#### LISTED ENTRIES

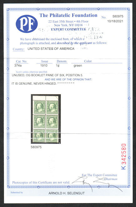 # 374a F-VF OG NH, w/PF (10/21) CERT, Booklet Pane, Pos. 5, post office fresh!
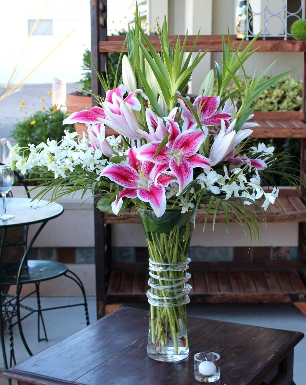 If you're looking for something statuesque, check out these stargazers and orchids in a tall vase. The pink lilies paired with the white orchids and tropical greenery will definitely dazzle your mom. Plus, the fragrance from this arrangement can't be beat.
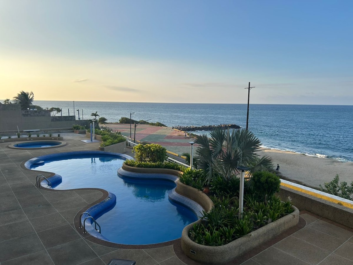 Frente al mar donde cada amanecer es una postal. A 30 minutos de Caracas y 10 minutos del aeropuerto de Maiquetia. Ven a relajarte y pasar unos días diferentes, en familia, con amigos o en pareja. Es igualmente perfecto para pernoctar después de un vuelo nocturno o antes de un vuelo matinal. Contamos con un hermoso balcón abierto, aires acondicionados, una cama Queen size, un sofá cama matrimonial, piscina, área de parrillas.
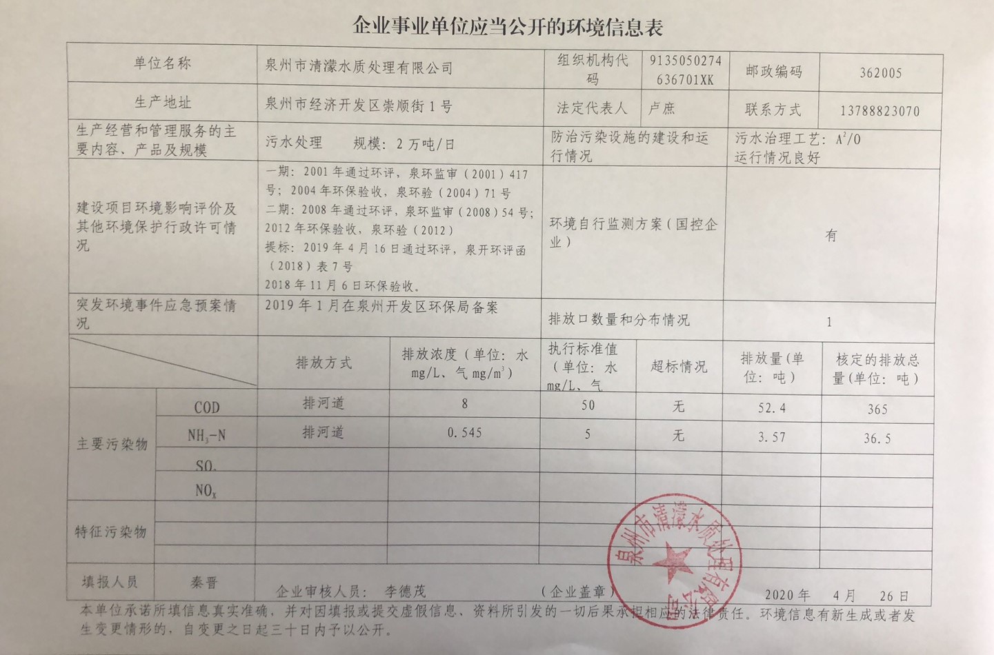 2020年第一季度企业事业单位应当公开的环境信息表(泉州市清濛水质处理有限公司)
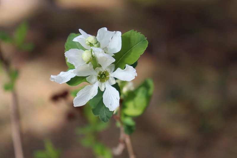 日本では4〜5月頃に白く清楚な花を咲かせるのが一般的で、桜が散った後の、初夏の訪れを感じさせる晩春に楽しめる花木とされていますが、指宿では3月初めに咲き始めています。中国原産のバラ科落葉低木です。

########
#### LISTED ENTRIES

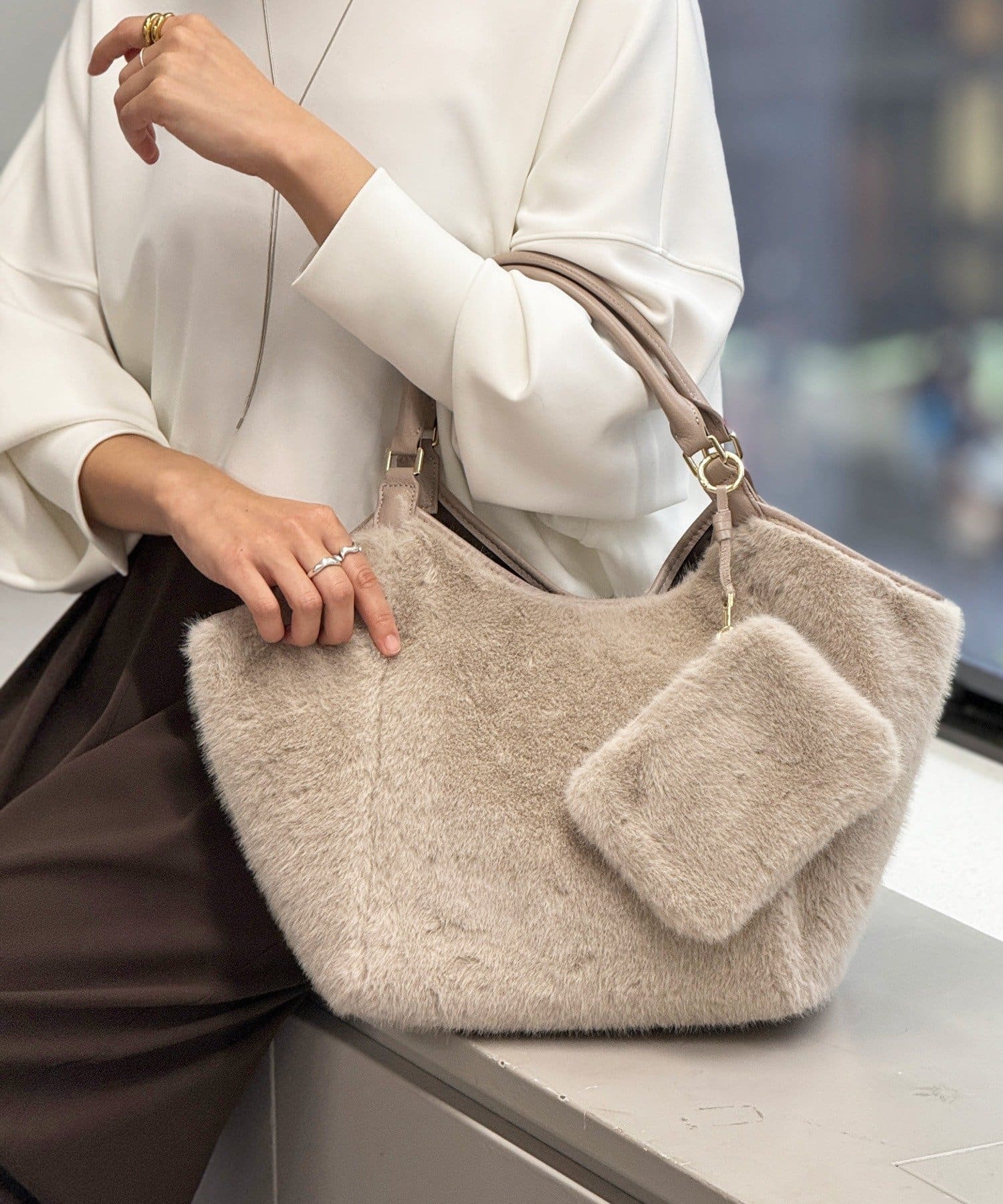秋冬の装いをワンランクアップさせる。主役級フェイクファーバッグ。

########

YOUR TASK.
Copy word for word the lines above, starting at the line containing "# 374a F-VF" and ending at the line containing "If you're looking", inclusive, with no pictures.

WORKED SOLUTION.
 # 374a F-VF OG NH, w/PF (10/21) CERT, Booklet Pane, Pos. 5, post office fresh!
 If you're looking for something statuesque, check out these stargazers and orchids in a tall vase. The pink lilies paired with the white orchids and tropical greenery will definitely dazzle your mom. Plus, the fragrance from this arrangement can't be beat.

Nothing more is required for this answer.